Court Opinion

ID: 5054309
Source: CourtListenerOpinion
Date Created: 2021-10-01 08:25:55.098215+00
Date Added: 2024-06-11T08:19:08.143909
License: Public Domain

ON APPELLANT’S MOTION FOR REHEARING
DALLY, Judge,
concurring.
The appellant’s motion for leave to file his motion for rehearing was granted, but the motion for rehearing is now being overruled without written opinion. I concur in the overruling of the motion for rehearing, but I will take this opportunity to explain my view expressed in my short concurring opinion on original submission.
Article V, Sec. 26 of the Texas Constitution provides:
“The State shall have no right of appeal in criminal cases.”
Article 44.01, V.A.C.C.P. provides:
“The State shall have no right of appeal in criminal actions.”
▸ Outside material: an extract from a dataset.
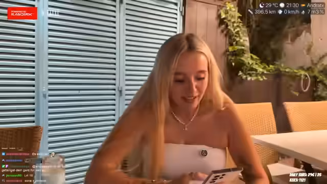 09:23:30Aufgrund der fehlenden Reservierung im angesagten Restaurant lässt sich die Streamerin vom Personal versprechen, Essen auf ihr Zimmer liefern zu lassen. Sie zieht sich für den Gang zum Restaurant um und begibt sich an einen Aussichtspunkt am Meer. Dort zeigt sie die beeindruckende Aussicht und ein Restaurant auf dem Wasser, das bereits sehr gut besucht ist. Sie genießt den Moment und die Aussicht auf das Wasser, während sie auf einen freien Tisch wartet.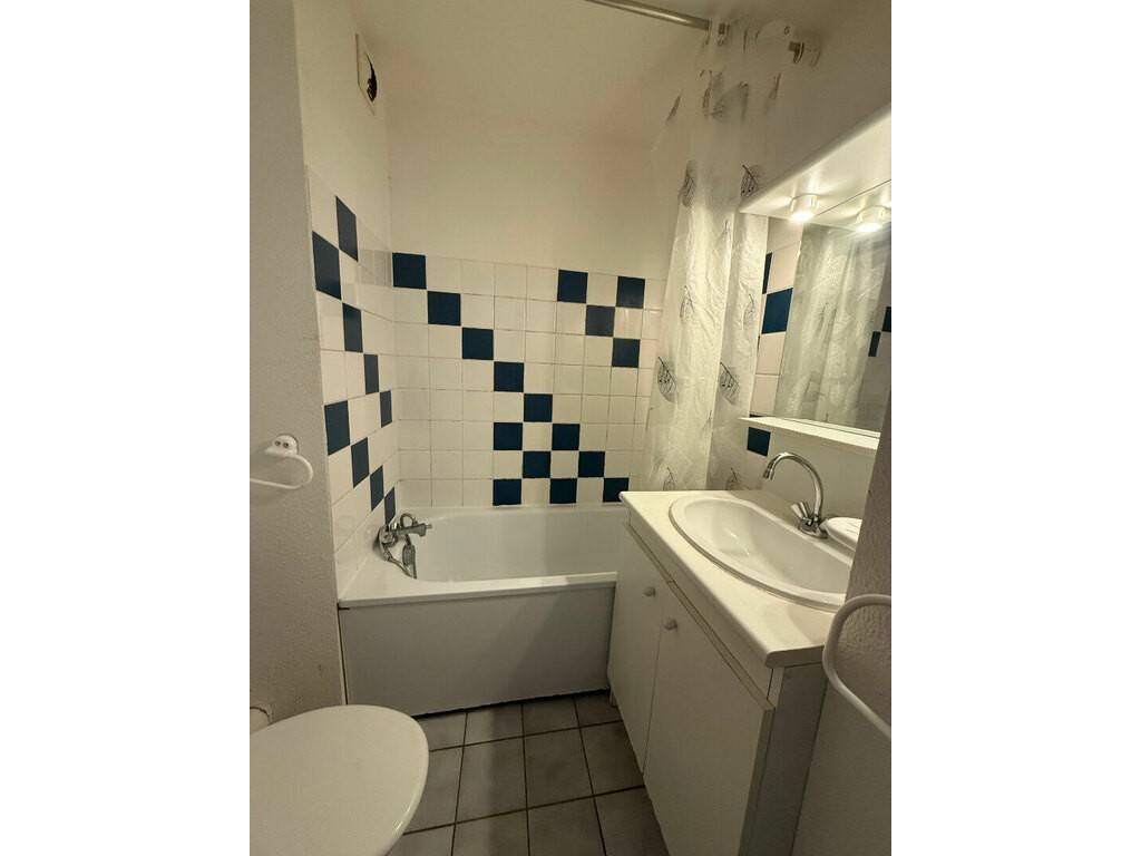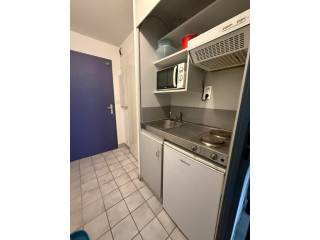 Le studio est composé d'une entrée, d'un séjour (avec table, lit, table de chevet, bureau, placard/penderie, étagères), d'une kitchenette équipée (plaques électriques, micro-onde, réfrigérateur, hotte), et d'une salle de bains avec WC.

Do these provisions prohibit the State from petitioning the Supreme Court of the United States to exercise its judicial discretion to grant review of this case by certiora-ri? Let us examine the nature of the procedures of appeal and of certiorari.
Appeal was unknown at common law; the right of review by appeal is derived from the constitution and statute. Tex. Const. Art. V, Sec. 5; Art. 4.03, V.A.C.C.P.; Art. 44.02, V.A.C.C.P.; see Ex parte Martinez, 66 Tex.Cr. 1, 145 S.W. 959 (1912); Millican v. State, 145 Tex.Cr. 195, 167 S.W.2d 188 (1942). Review by appeal includes a review of the facts as well as the law. Art. 44.25, V.A.C.C.P. One convicted of a criminal offense may, provided he follows the proper statutory steps, have the proceedings leading to his conviction in the lower court reviewed by a higher court as a matter of right. Art. 44.02, V.A.C.C.P. The State in this jurisdiction is prohibited from obtaining review by appeal. Art. V, Sec. 26, supra; Art. 44.01, supra. See also State ex rel. Vance v. Routt, 571 S.W.2d 903 (Tex.Cr .App.1978).
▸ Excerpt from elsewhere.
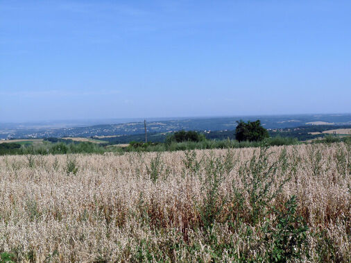 - Dans le bois, restez sur le sentier principal aux différentes intersections, puis descendez le long d’un champ offrant de belles vues sur les Alpes, Vienne et Lyon. Vous rejoignez une route à la Croix du Pont.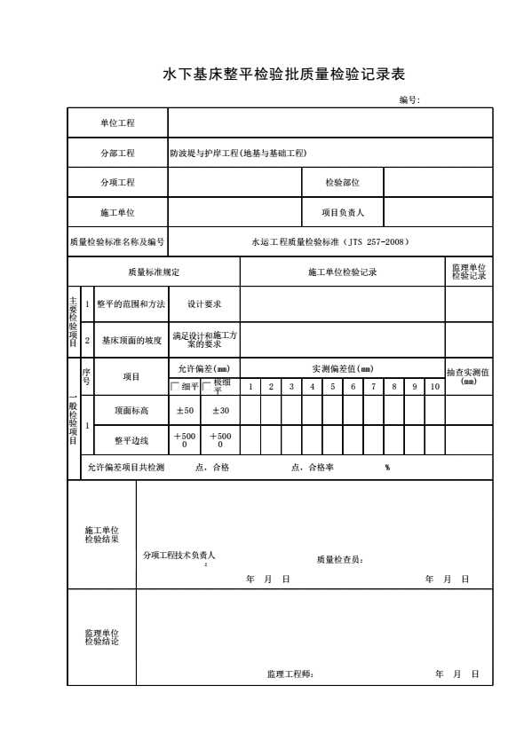 表格名称:水下基床整平检验批质量检验记录表

The writ of certiorari is derived from common law. Schwind v. Goodman, 221 S.W. 579 (Tex.Commn.App.1920, holding approved). Certiorari is to review errors of law not to review the facts. Ramsey v. Morris, 578 S.W.2d 809 (Tex.Civ.App.—Houston [1st Dist.] 1979, writ dism’d); State v. DeSilva, 105 Tex. 95, 145 S.W. 330 (1912). Review by certiorari is not a right of any litigant; it is a discretionary right which a higher court has to review the proceedings of a lower court. Ex parte Martinez, supra; Schwind v. Goodman, supra. Although review by certiorari is not available to a litigant as a matter of right, either the State, limited by former jeopardy provisions of the constitution, or one convicted of a criminal offense may suggest by petition that a higher court exercise its right to review the proceedings of a lower court by certiorari. Then the higher court in its judicial discretion may decide whether justice requires it to review the proceedings. Ramsey v. Morris, supra; Ex parte Martinez, supra; Schwind v. Goodman, supra.
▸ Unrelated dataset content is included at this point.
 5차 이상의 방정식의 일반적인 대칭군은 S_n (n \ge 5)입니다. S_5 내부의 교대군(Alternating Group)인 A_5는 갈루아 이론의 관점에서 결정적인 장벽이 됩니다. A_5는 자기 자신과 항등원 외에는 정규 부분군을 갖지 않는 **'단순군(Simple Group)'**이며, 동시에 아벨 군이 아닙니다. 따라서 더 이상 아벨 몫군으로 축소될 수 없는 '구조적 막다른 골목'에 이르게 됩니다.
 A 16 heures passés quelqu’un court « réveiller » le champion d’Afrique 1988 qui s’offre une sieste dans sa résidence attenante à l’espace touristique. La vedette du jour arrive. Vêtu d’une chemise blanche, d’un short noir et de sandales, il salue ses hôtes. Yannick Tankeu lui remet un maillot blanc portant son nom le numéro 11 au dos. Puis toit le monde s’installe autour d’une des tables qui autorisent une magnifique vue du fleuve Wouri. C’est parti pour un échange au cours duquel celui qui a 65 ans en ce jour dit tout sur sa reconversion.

The parties, the majority, and those who dissent equate review by appeal and by certiorari; they completely ignore the history and fundamental difference of the review procedure of appeal and of certiorari. The plurality and Judge Douglas in his concurring opinion take a more difficult way to reach the correct result. The dissenters find that “appeal” as used in our constitution and statutes, includes certiorari; this erroneous conclusion accommodates and is necessary to their arguments. If those who wrote our constitution and statute had wanted to preclude the State from seeking review by the then long existing and well-known procedure of certiorari they would have plainly said the State shall not have the right to seek review by certiorari, but they did not.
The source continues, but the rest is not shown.